La France : quelques curiosités de frontières et de possessions historiques.
Le Mont Blanc est à la frontière entre la France et l’Italie… mais où passe exactement cette frontière ? Par le sommet ? Pour la France oui, pour l’Italie non, le sommet serait entièrement en Italie ! Chaque pays édite donc des cartes qui diffèrent sur ce point. Or la carte qui faisait foi lors du rattachement de la Savoie à la France en 1860 a disparu en 1940…
A Rome une fondation gérée par l’ambassadeur de France auprès du Saint Siège est chargée de 5 églises, la plus connue étant Saint Louis des Français. Ces églises ont un statut d’extra-territorialité, mais ne sont soumises ni au droit français, ni au droit italien, ni au droit vatican…. Allez comprendre….
La France possède sur l’île britannique de Sainte-Hélène (4 300 habitants), isolée dans l’Atlantique entre l’Afrique et le Brésil, les domaines où résida Napoléon Ier (y compris le lieu de son premier tombeau) pour les dernières années de sa vie. Deux de ces domaines ont été achetés par Napoléon III et le troisième a été donné à la France par sa propriétaire, une écrivaine australienne descendante d’une famille de Sainte-Hélène qui avait noué des liens d’amitié avec Napoléon Ier. Ces domaines sont administrés par le ministère des affaires étrangères, concrètement par un consul honoraire.
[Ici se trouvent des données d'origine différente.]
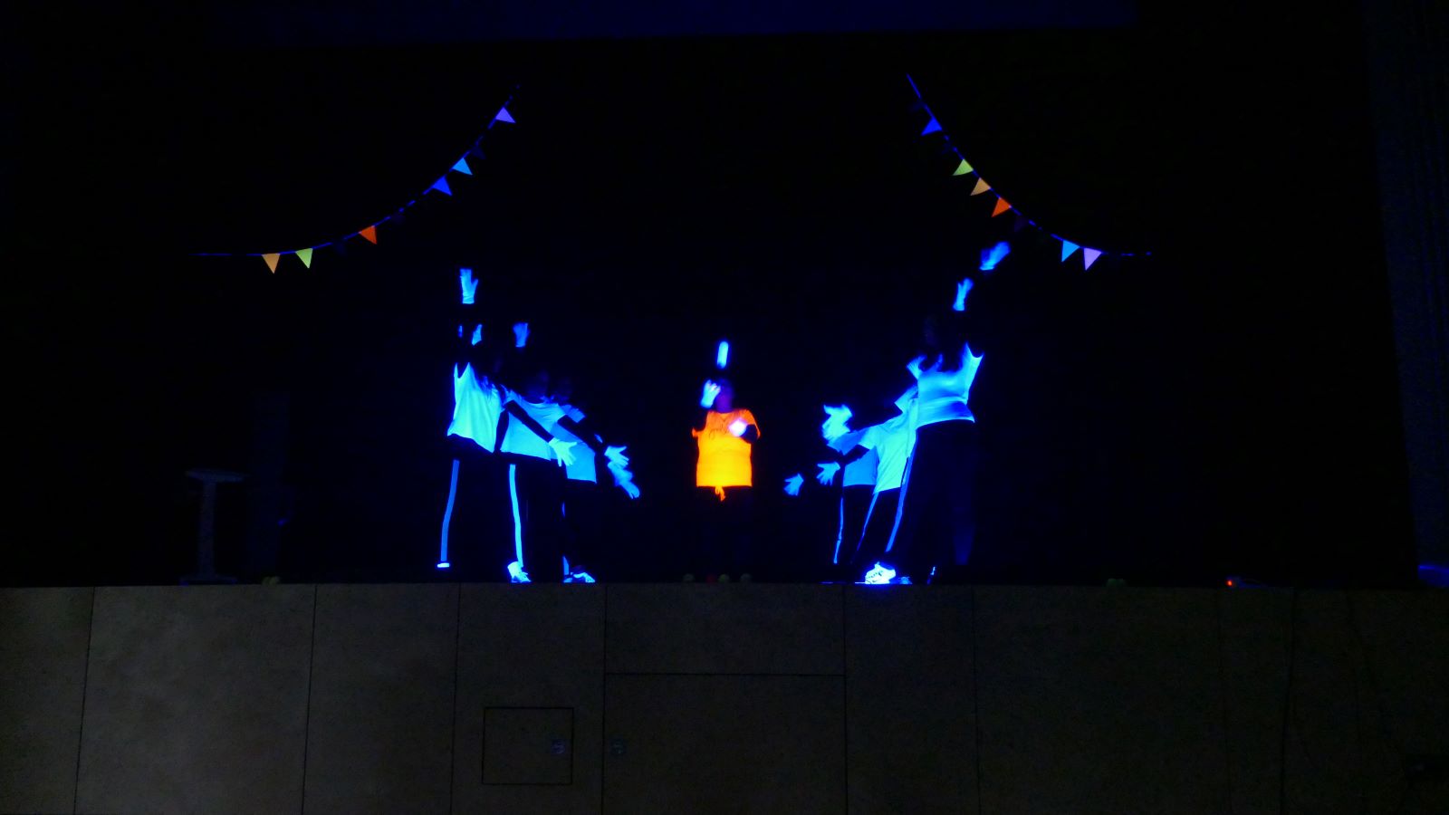 Der zweite Teil des Abends begann mit einem sportlichen Highlight: Der Sportkurs von Frau Thur zeigte einen kreativen Schwarzlicht-Tanz, der das Publikum staunen ließ.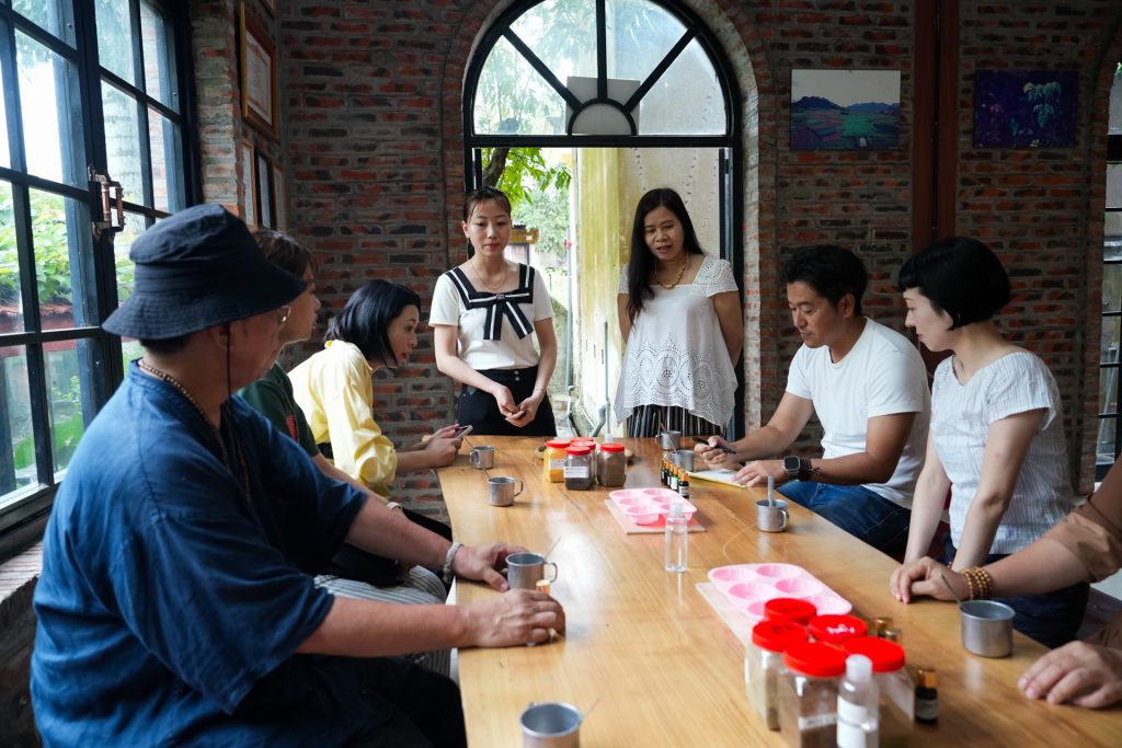 ザーヴィエン(Gia Vien)村内にあり、薬草を使った手作り石鹸の体験が楽しめます。まずはハーブ畑を訪れ、シナモンやターメリック、緑茶などの薬草が丁寧に育てられている様子を間近で見学するところから始まります。その後、専門スタッフの指導の下、選び抜かれた天然素材を使って1つのハーブ石鹸を手作りしていきます。使用される材料はすべて地元産で、化学添加物や人工香料は一切使われておらず、肌に優しいだけでなく環境への配慮も行き届いたものになっています。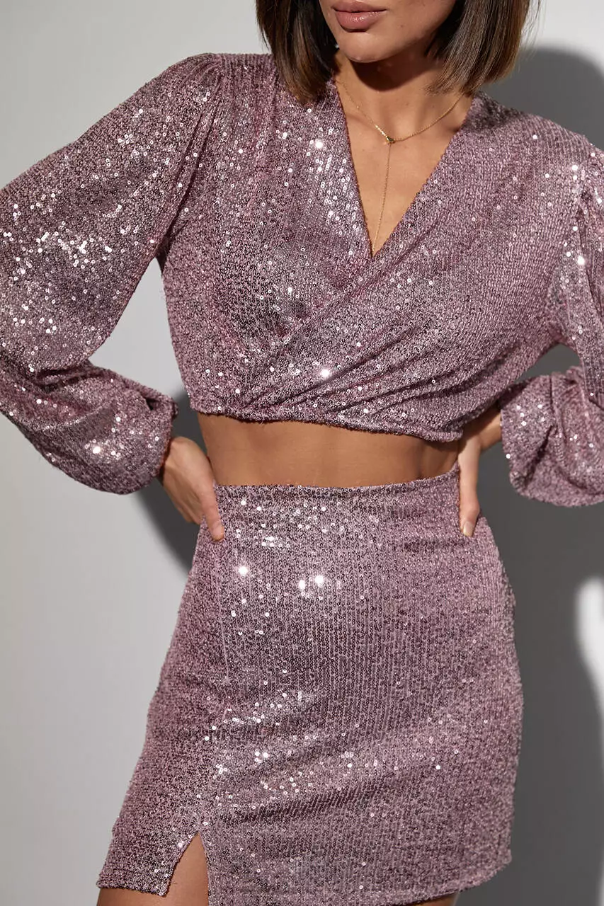 Юбочный костюм-двойка с пайетками - розовый цвет, XL (есть размеры)

Plus proche de nous, l’île des Faisans ou île de la Conférence : c’est sur cette îlot inhabité, dans le lit de la Bidassoa qui sépare Hendaye de l’Espagne, qu’a été préparé le traité des Pyrénées et arrangé le mariage de Louis XIV avec l’infante espagnole Marie-Thérèse d’Autriche. Depuis, cette île minuscule est un condominium (*) commun à l’Espagne et la France : elle est « gérée » (ce qui est probablement tout à fait virtuel) alternativement tous les 6 mois par l’Espagne et la France, représentées chacune par un « vice-roi » aux termes d’un accord datant de Louis XIV. Un vice-roi dans notre République, ça fait chic mais un peu daté !!
Merci Frédéric pour cet enrichissement de nos connaissances.
(*) Un condominium est un territoire sur lequel plusieurs États souverains exercent une souveraineté conjointe en application d'un accord formel.